> _Data listing_:

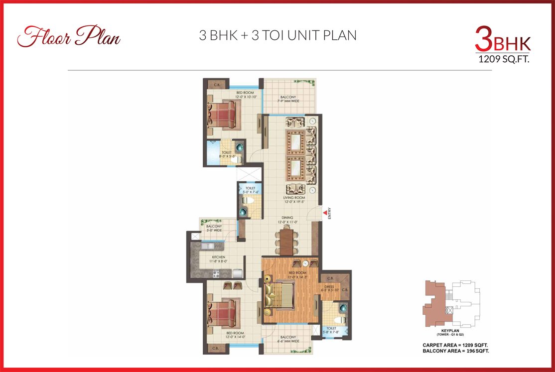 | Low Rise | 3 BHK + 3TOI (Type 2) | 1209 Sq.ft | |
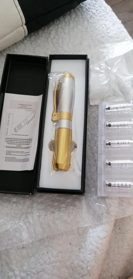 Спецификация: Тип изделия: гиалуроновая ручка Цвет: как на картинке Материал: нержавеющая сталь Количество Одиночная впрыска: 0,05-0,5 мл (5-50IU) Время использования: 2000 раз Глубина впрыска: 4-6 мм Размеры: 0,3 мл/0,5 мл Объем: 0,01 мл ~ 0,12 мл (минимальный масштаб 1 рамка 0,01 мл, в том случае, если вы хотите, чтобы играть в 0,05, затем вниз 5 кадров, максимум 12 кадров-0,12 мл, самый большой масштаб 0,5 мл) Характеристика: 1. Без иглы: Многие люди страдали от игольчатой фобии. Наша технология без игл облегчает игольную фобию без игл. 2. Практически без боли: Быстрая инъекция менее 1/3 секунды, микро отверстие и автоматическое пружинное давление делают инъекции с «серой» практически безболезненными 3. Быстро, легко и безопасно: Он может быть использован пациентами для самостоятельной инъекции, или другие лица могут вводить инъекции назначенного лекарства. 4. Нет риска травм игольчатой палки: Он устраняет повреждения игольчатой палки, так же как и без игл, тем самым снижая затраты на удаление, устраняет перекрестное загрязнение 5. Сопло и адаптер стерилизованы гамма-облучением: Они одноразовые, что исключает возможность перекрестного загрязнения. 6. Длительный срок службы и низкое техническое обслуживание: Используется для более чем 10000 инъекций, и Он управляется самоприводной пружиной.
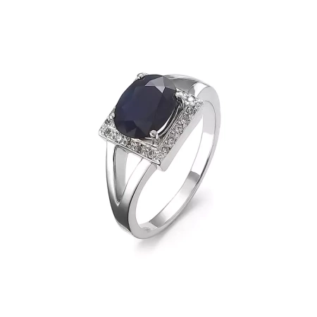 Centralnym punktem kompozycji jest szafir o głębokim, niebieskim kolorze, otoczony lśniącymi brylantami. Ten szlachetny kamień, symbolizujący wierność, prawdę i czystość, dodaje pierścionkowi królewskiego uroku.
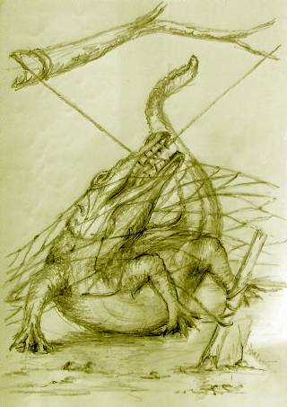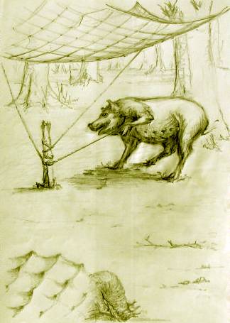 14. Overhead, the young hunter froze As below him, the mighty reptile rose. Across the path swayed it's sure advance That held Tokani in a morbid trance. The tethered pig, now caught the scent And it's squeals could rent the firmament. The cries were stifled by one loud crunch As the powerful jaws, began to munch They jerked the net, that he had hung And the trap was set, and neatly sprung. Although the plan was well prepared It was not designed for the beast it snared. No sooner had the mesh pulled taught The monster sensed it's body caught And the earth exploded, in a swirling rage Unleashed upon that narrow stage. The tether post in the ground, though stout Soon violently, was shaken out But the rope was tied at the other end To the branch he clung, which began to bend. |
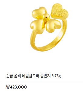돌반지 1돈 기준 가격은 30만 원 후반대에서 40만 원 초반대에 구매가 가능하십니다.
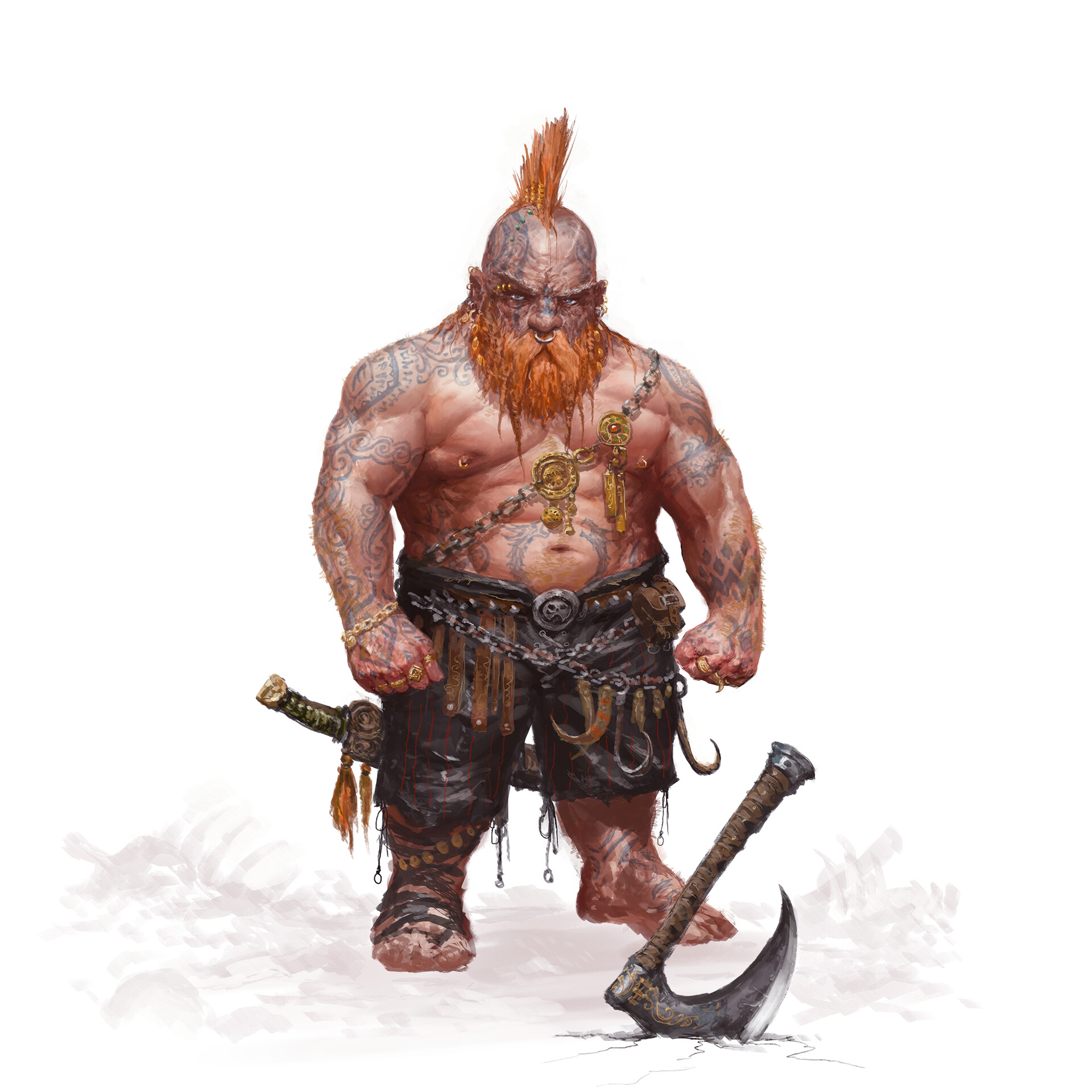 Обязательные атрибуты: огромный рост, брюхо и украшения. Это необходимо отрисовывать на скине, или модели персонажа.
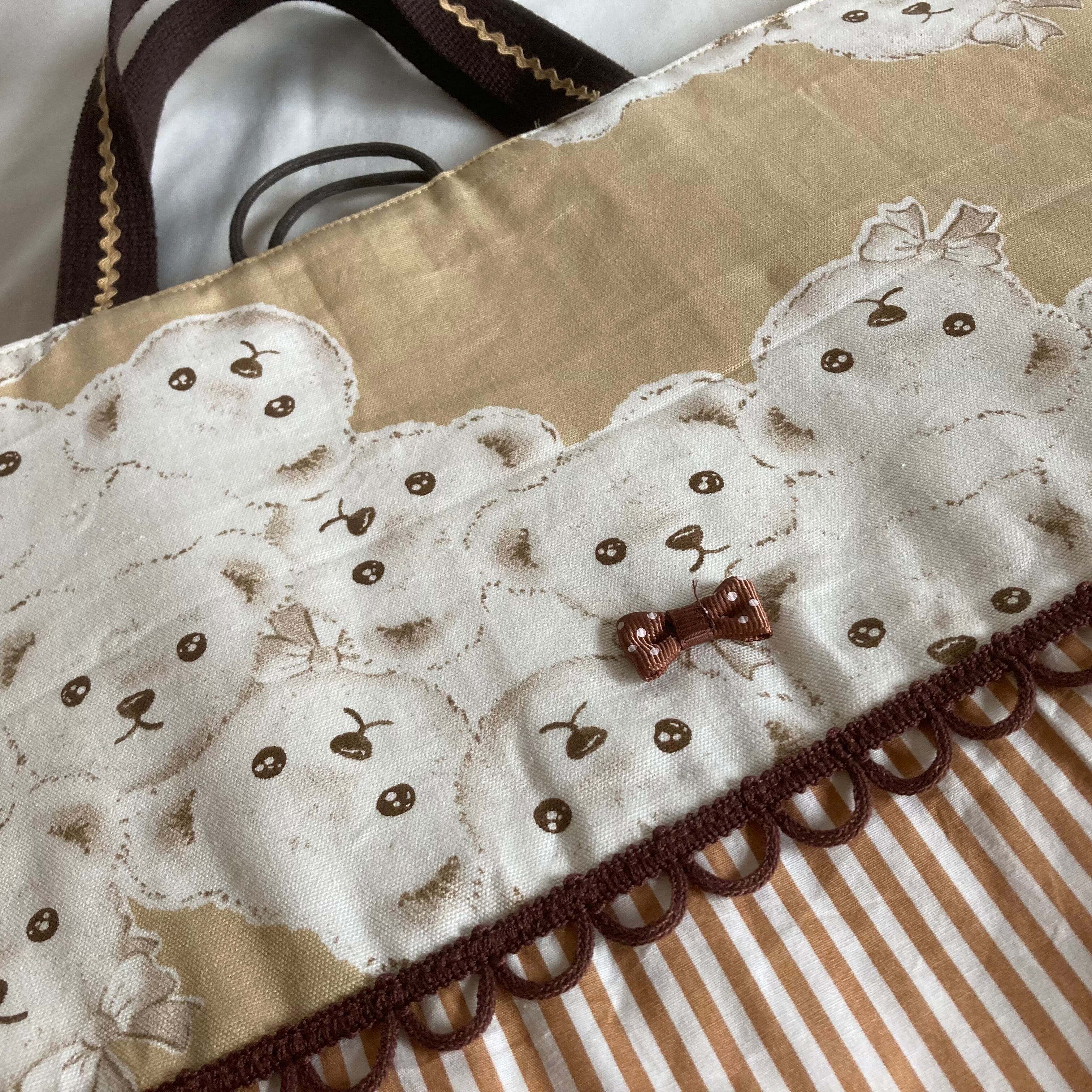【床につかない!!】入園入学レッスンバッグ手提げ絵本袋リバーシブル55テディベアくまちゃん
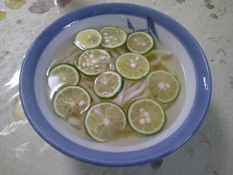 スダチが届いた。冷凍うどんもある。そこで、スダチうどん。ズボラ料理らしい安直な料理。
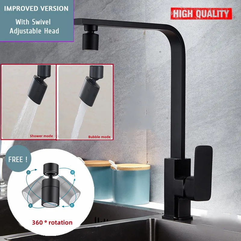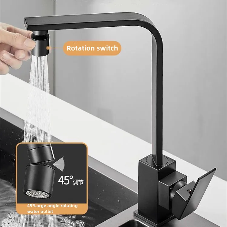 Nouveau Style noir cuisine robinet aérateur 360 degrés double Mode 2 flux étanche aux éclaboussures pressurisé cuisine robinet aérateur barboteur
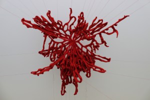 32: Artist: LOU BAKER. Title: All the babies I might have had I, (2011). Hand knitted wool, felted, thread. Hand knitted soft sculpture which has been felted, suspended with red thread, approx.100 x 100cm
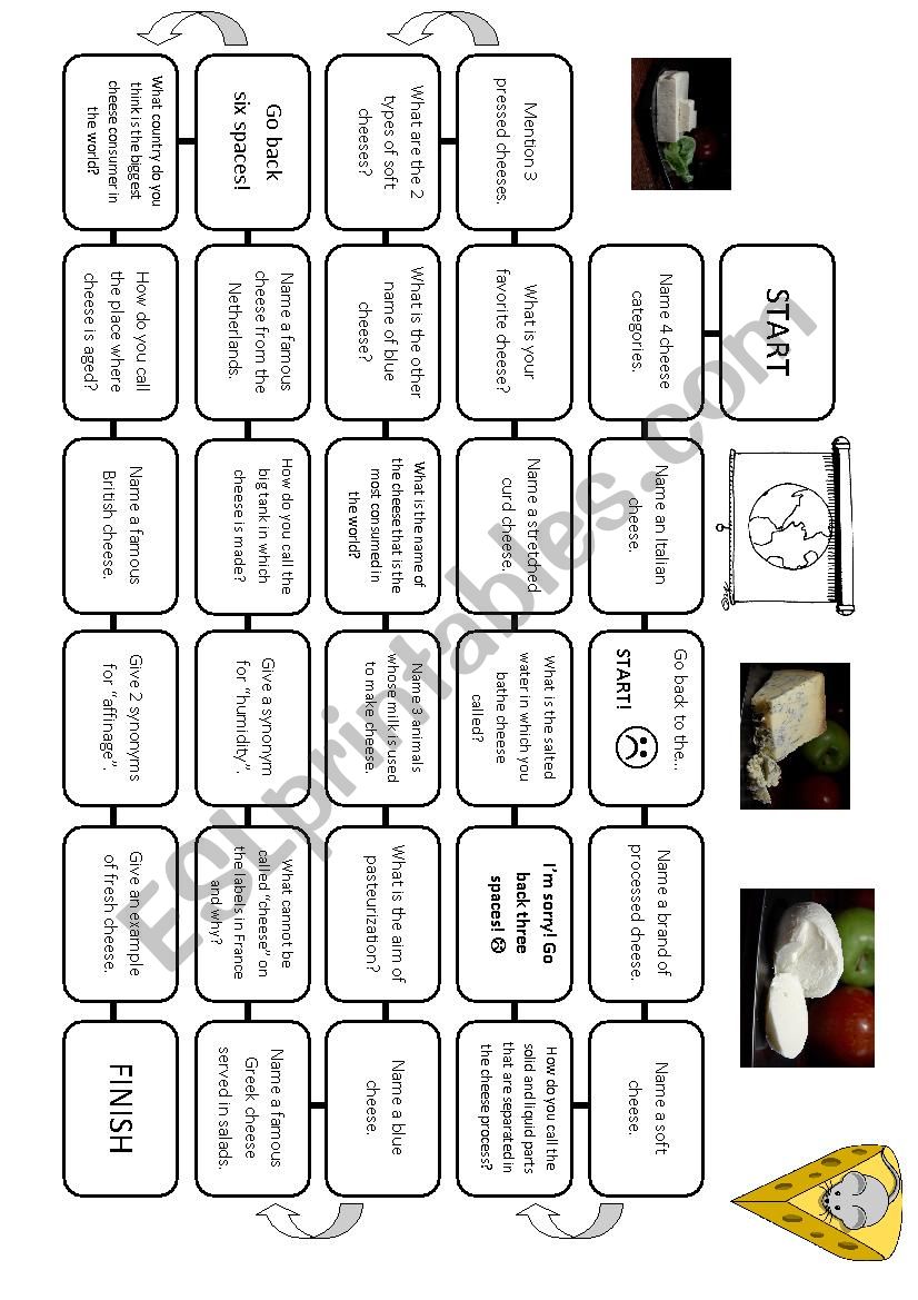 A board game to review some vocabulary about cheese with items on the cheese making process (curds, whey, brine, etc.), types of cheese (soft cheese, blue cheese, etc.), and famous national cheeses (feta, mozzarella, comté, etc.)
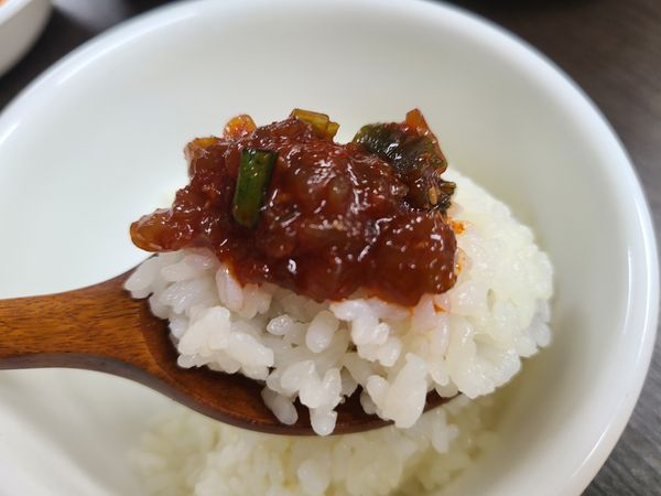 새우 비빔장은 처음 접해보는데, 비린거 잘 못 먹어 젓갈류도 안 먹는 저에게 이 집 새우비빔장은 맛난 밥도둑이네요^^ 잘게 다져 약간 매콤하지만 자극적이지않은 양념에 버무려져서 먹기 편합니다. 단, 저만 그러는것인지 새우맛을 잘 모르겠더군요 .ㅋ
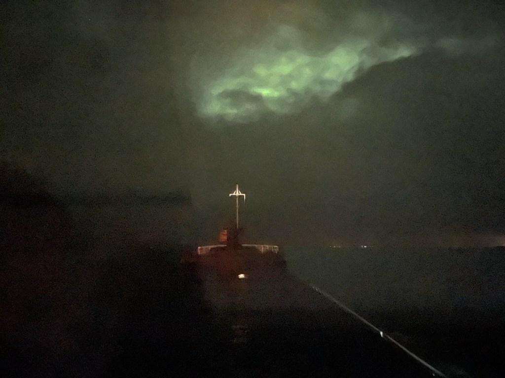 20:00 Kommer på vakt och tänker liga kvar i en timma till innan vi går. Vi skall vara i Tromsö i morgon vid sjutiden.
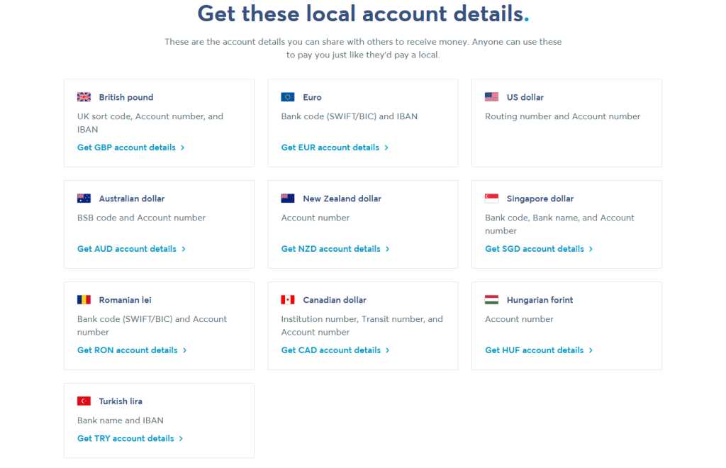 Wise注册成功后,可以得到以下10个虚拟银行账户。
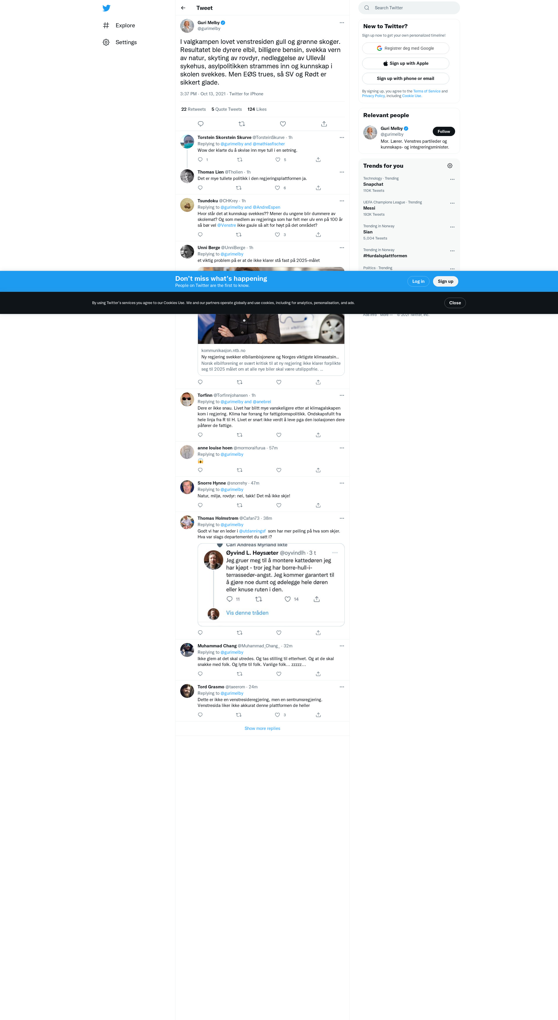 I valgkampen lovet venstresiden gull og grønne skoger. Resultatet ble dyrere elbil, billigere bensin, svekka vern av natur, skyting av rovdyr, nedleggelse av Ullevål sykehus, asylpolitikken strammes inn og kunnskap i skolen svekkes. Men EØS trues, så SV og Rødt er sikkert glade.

> _Task description_:
Each line from the one with "32: Artist: LOU" to the last line of the listing should be returned exactly, both ends included, and no picture with them.

> _Solution for this problem_:
 32: Artist: LOU BAKER. Title: All the babies I might have had I, (2011). Hand knitted wool, felted, thread. Hand knitted soft sculpture which has been felted, suspended with red thread, approx.100 x 100cm
 A board game to review some vocabulary about cheese with items on the cheese making process (curds, whey, brine, etc.), types of cheese (soft cheese, blue cheese, etc.), and famous national cheeses (feta, mozzarella, comté, etc.)
 새우 비빔장은 처음 접해보는데, 비린거 잘 못 먹어 젓갈류도 안 먹는 저에게 이 집 새우비빔장은 맛난 밥도둑이네요^^ 잘게 다져 약간 매콤하지만 자극적이지않은 양념에 버무려져서 먹기 편합니다. 단, 저만 그러는것인지 새우맛을 잘 모르겠더군요 .ㅋ
 20:00 Kommer på vakt och tänker liga kvar i en timma till innan vi går. Vi skall vara i Tromsö i morgon vid sjutiden.
 Wise注册成功后,可以得到以下10个虚拟银行账户。
 I valgkampen lovet venstresiden gull og grønne skoger. Resultatet ble dyrere elbil, billigere bensin, svekka vern av natur, skyting av rovdyr, nedleggelse av Ullevål sykehus, asylpolitikken strammes inn og kunnskap i skolen svekkes. Men EØS trues, så SV og Rødt er sikkert glade.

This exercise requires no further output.